### WORK REQUEST
The records below are to be transcribed exactly from their first line to the line that has "Crafted with care, this", inclusive, with every picture omitted.

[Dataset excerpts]
=== Section Start ===

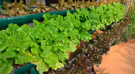 Many kinds of salad vegetable as red coral, cos, green coral etc in farm land and cultivating
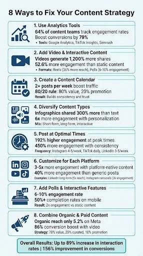 Is your content failing to connect with your audience? Here’s the solution: focus on strategies that boost engagement, create real connections, and drive results. This article breaks down 8 actionable tactics to improve your content strategy and turn passive viewers into active, loyal followers.
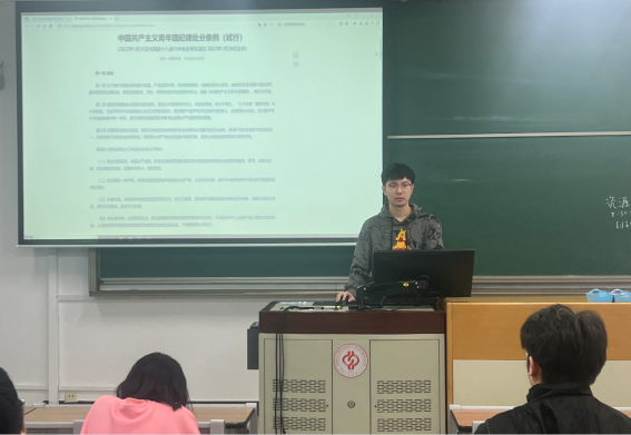 資源23-3團支部特此舉辦了一場以“高舉團旗跟黨走 嚴明紀律勇擔當”為主題的學習活動。本次活動旨在通過深入學習《中國共產主義青年團紀律處分條例(試行)》,引導支部成員明確紀律要求,樹立正確的價值觀,切實維護團組織純潔性、先進性和凝聚力。
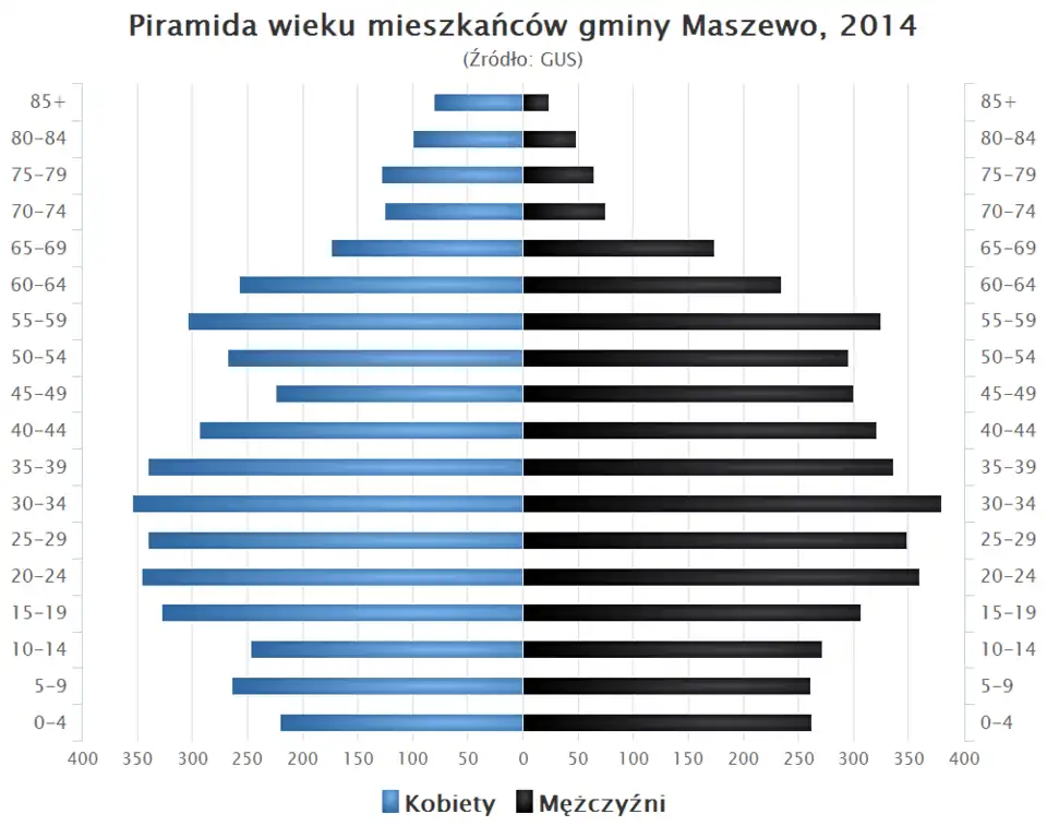 - Piramida wieku mieszkańców gminy Maszewo w 2014 roku[3].
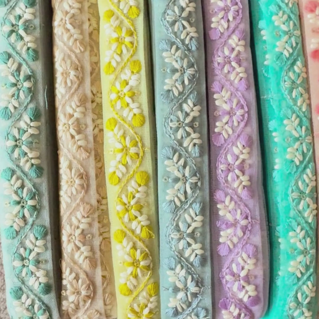 Crafted with care, this embroidery trim is designed on a soft net base, making it ideal for saree borders, dupattas, blouses, dresses, or even creative home décor. Whether you're enhancing a garment or designing a piece from scratch, this lace and trim is sure to inspire creativity.
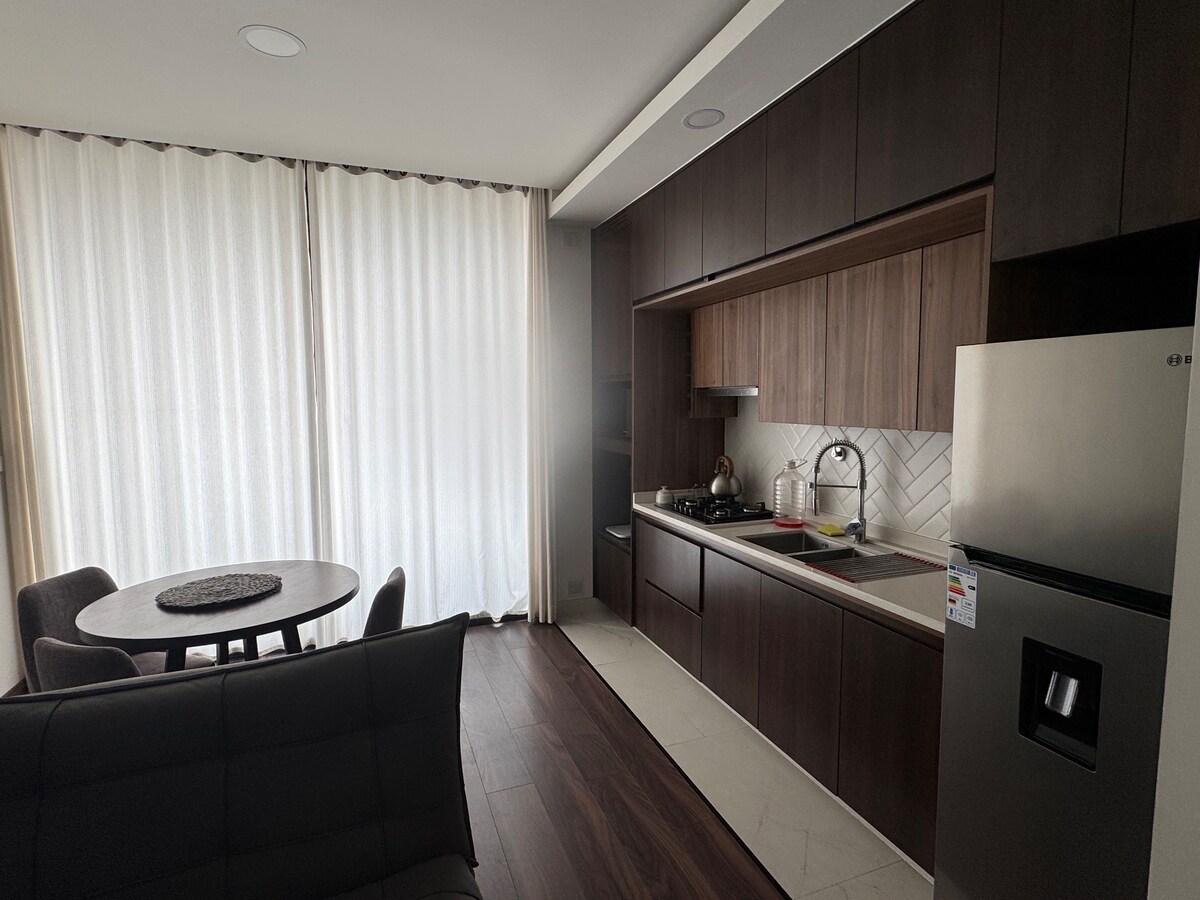 Desfrute de um apartamento tranquilo e elegante, ideal para descansar ou trabalhar. Localizado a poucos minutos de parques, restaurantes e áreas de interesse. O edifício tem grandes áreas comuns, segurança 24 horas por dia, 7 dias por semana e tudo o que precisa para uma estadia confortável. Totalmente equipado para se preocupar apenas em desfrutar.
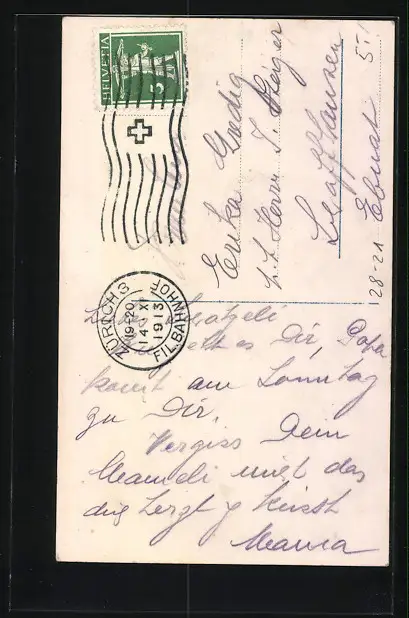 Personenbezogene Daten auf der Rückseite der Karte wurden durch blauen Textmarker unkenntlich gemacht. Die blauen Stellen sind auf die Vorderseite durchgeweicht und wirken sich negativ auf das Postkartenfoto aus
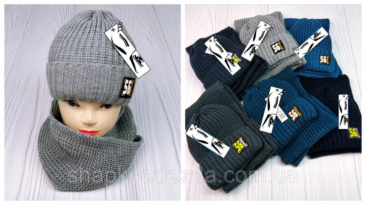 М 94040 Комплект для мальчика шапка "56" на флисе и хомут, разние цвета
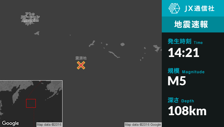 | 震源地 | アラスカのKiska Volcanoから南南西126kmの地点 |
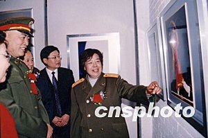 一百一十周年邵華舞臺藝術攝影作品展,十一日在山東省城濟南東方藝術館舉行,毛澤東的兒媳婦邵華(右一)少將向來賓介紹作品。作者:郝帆
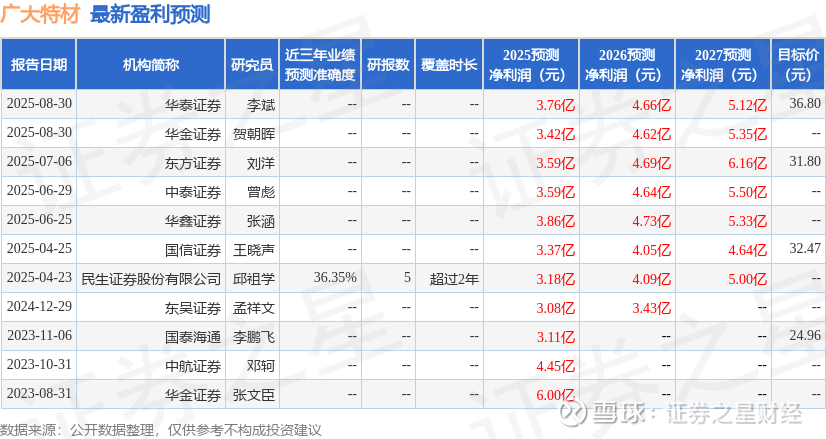 以下是详细的盈利预测信息:
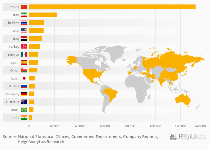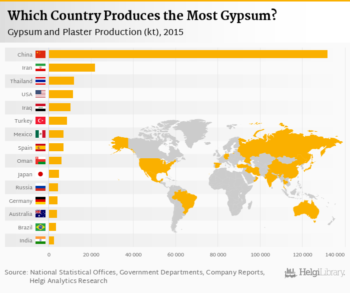 Based on a comparison of 84 countries in 2015, China ranked the highest in gypsum and plaster production with 132,000 kt followed by Iran and Thailand. On the other end of the scale was Madagascar with 0.130 kt, Niger with 0.253 kt and Sri Lanka with 0.600 kt.
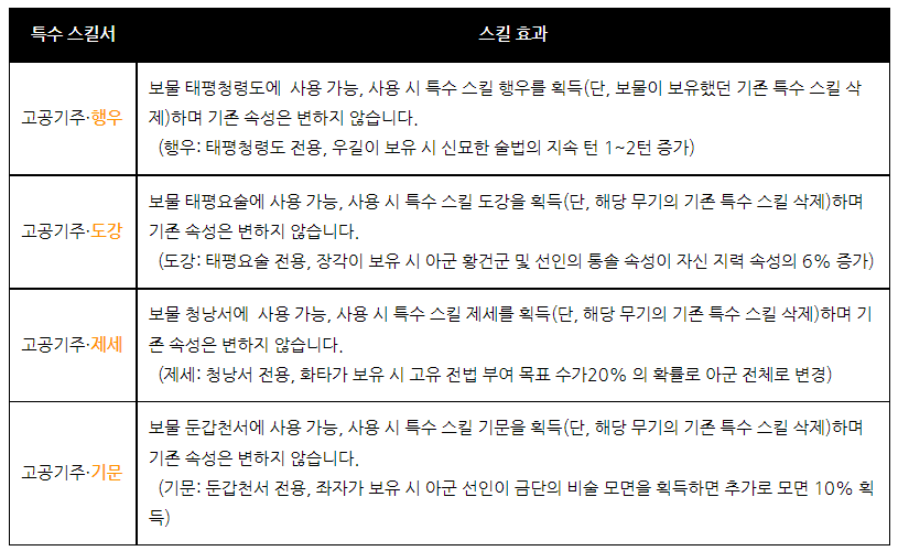 PK 시즌 패업 한정 공훈 상점 조정도 진행되었는데요, 고공기주·행우를 포함해 도강, 제세, 기문 특수 스킬서가 추가되었습니다. 특수 스킬서 추가에 따라 이를 바탕으로 한 변화가 예상되는데요, 이 외에도 컬렉션 잔수를 사건 전법 교환에 사용한다던가 크고 작은 시스템 기능 조정과 기능 복구들이 이루어졌습니다.
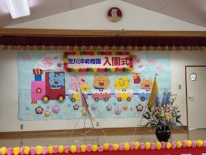 今日からみなさんは荒川沖幼稚園の園児です。幼稚園では楽しいことがいっぱい待ってますから、元気に登園してきてください。
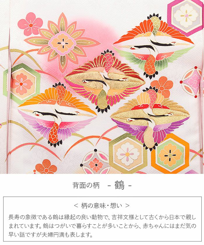 菱文の有職文様と組み合わせた鶴は、鶴だけの物に比べ格式が高い柄ゆきとされ、初めてのお祝いに相応しい意匠。
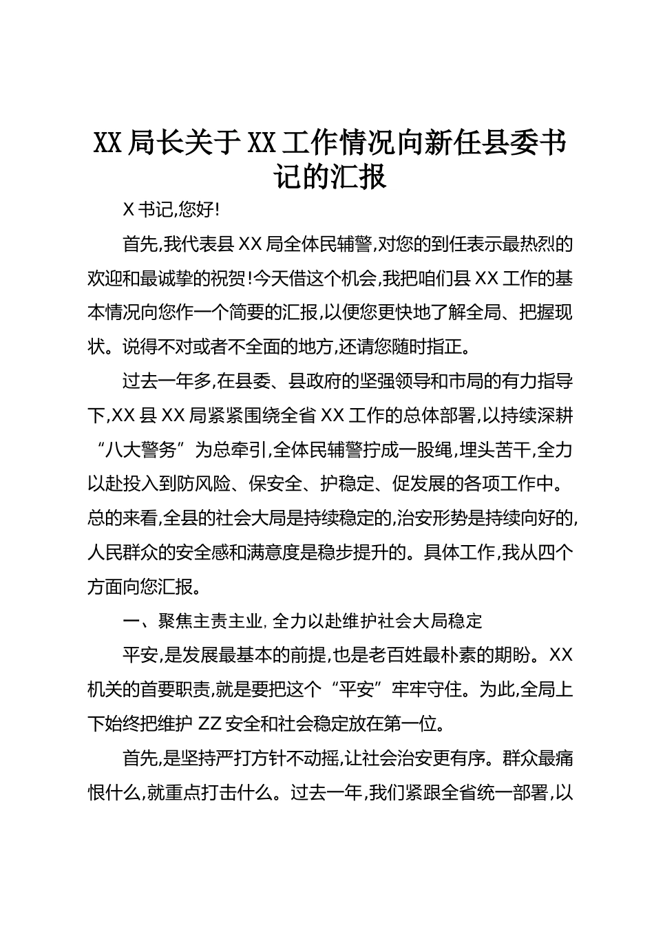 XX局長(zhǎng)關(guān)于XX工作情況向新任縣委書(shū)記的匯報(bào)X書(shū)記,您好!首先,我代表縣XX局全體民輔警,對(duì)您的到任表示最熱烈的歡迎和最誠(chéng)摯的祝賀!今天借這個(gè)機(jī)會(huì),我把咱們縣XX工作的基本情況向您作一個(gè)簡(jiǎn)要的匯報(bào),以便您更快地了解全局、把握現(xiàn)狀。說(shuō)得不對(duì)或者不全面的地方,還請(qǐng)您隨時(shí)指正。過(guò)去一年多,在縣委、縣政府的堅(jiān)強(qiáng)領(lǐng)導(dǎo)和市局的有力指導(dǎo)下,XX縣XX局緊緊圍繞全省XX工作的總體部署,以持續(xù)深耕“八大警務(wù)”為總牽引,全體民輔警擰成一股繩,埋頭苦干,全力以赴投入到防風(fēng)險(xiǎn)、保安全、護(hù)穩(wěn)定、促發(fā)展的各項(xiàng)工作中??偟膩?lái)看,全縣的社會(huì)大局是持續(xù)穩(wěn)定的,治安形勢(shì)是持續(xù)向好的,人民群眾...
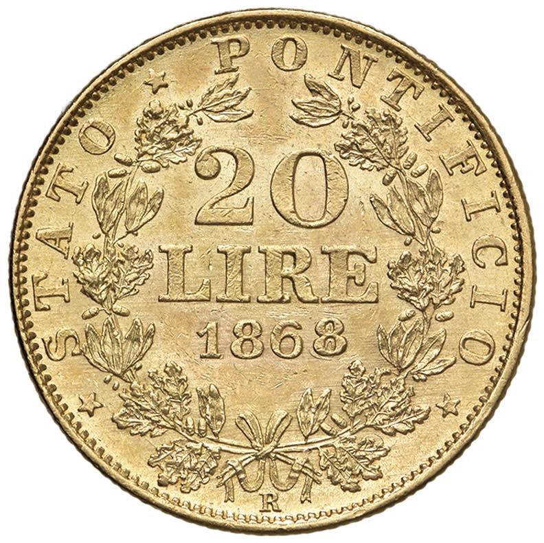 Papal coins - Pio IX (1846-1870) 20 Lire 1868 A. XXIII - Nomisma 848 ...

=== Section End ===

### EXERCISE SOLUTION
 Many kinds of salad vegetable as red coral, cos, green coral etc in farm land and cultivating
 Is your content failing to connect with your audience? Here’s the solution: focus on strategies that boost engagement, create real connections, and drive results. This article breaks down 8 actionable tactics to improve your content strategy and turn passive viewers into active, loyal followers.
 資源23-3團支部特此舉辦了一場以“高舉團旗跟黨走 嚴明紀律勇擔當”為主題的學習活動。本次活動旨在通過深入學習《中國共產主義青年團紀律處分條例(試行)》,引導支部成員明確紀律要求,樹立正確的價值觀,切實維護團組織純潔性、先進性和凝聚力。
 - Piramida wieku mieszkańców gminy Maszewo w 2014 roku[3].
 Crafted with care, this embroidery trim is designed on a soft net base, making it ideal for saree borders, dupattas, blouses, dresses, or even creative home décor. Whether you're enhancing a garment or designing a piece from scratch, this lace and trim is sure to inspire creativity.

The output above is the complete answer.